With strong Democrat support, Republicans want a partnership in the recovery plan.
In his third inaugural address on Wednesday, Governor Jay Inslee said he is confident that Washingtonians will remain resilient enough to overcome the COVID-19 pandemic.
In a brief address, Inslee said he was committed to focusing on racial injustice, returning people to work as soon as possible and advancing his climate change initiatives through the 2021 remote session of the state Legislature.
“We will go forward because we are resilient,” Inslee said. “We should embrace what we’ve learned together (from the pandemic).”
The Democrat Inslee begins his third term in office with a Democrat majority in the state Senate and House of Representatives.
In a response from minority Republicans, Representative Drew Stokesbary said working families cannot afford the cost of proposed taxes that Inslee favors and maintained that Inslee has left legislators out of his pandemic recovery plan.

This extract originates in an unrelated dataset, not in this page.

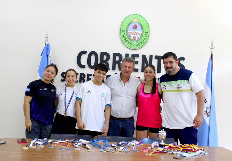 El secretario de deportes de la Provincia, Jorge Terrile recibió en las últimas horas a integrantes del equipo Corrientes Pesas que participó con excelentes resultados en el Campeonato Nacional Absoluto de Levantamiento Olímpico de Pesas en el Centro de Alto Rendimiento Deportivo (Cenard) en la Ciudad Autónoma de Buenos Aires.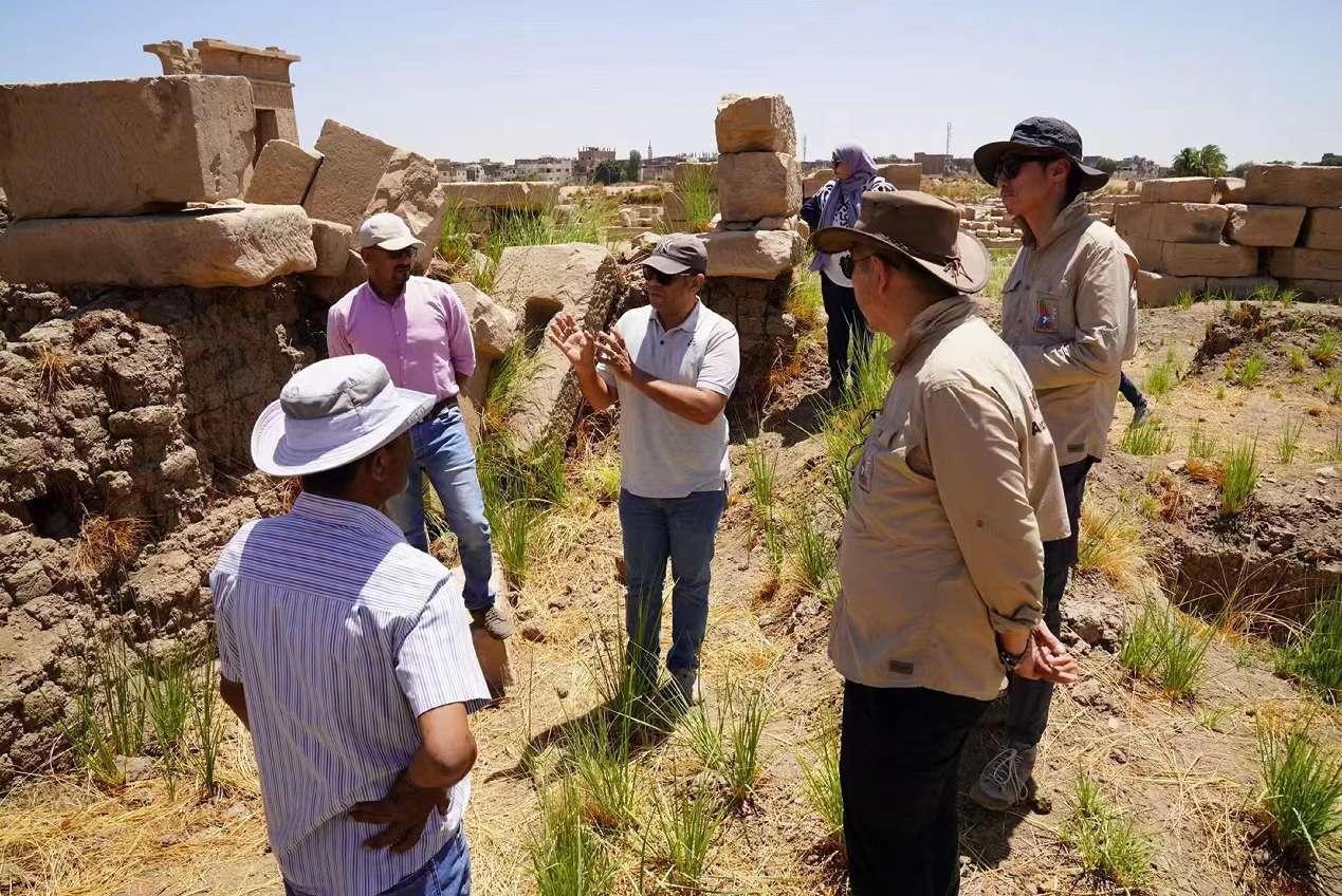 Membros de uma miss?o arqueológica conjunta sino-egípcia trabalham no Templo Montu em Luxor, Egito. (Foto: Gao Wei/Diário do Povo Online)

Proposals such as a capital gains tax and environmental regulations would increase the prices of gasoline and home heating fuels and slow the state’s economic recovery while driving jobs out of the state, Stokesbary said.
He also said bills to curb the Governor’s emergency powers during the pandemic are needed because Inslee has chosen not to include enough legislators in his recovery strategy.
“We elect a citizen Legislature, not a king,” Stokesbary said. He added that the Governor’s pandemic recovery plan to date is insufficient.
Increasing state revenues make tax increases unnecessary while the Legislature should expand grants to struggling businesses, approve a tax rebate for families and significantly speed the administration of coronavirus vaccines to reopen more businesses faster and speed the return of workers to their jobs and students to the classroom, Stokesbary said.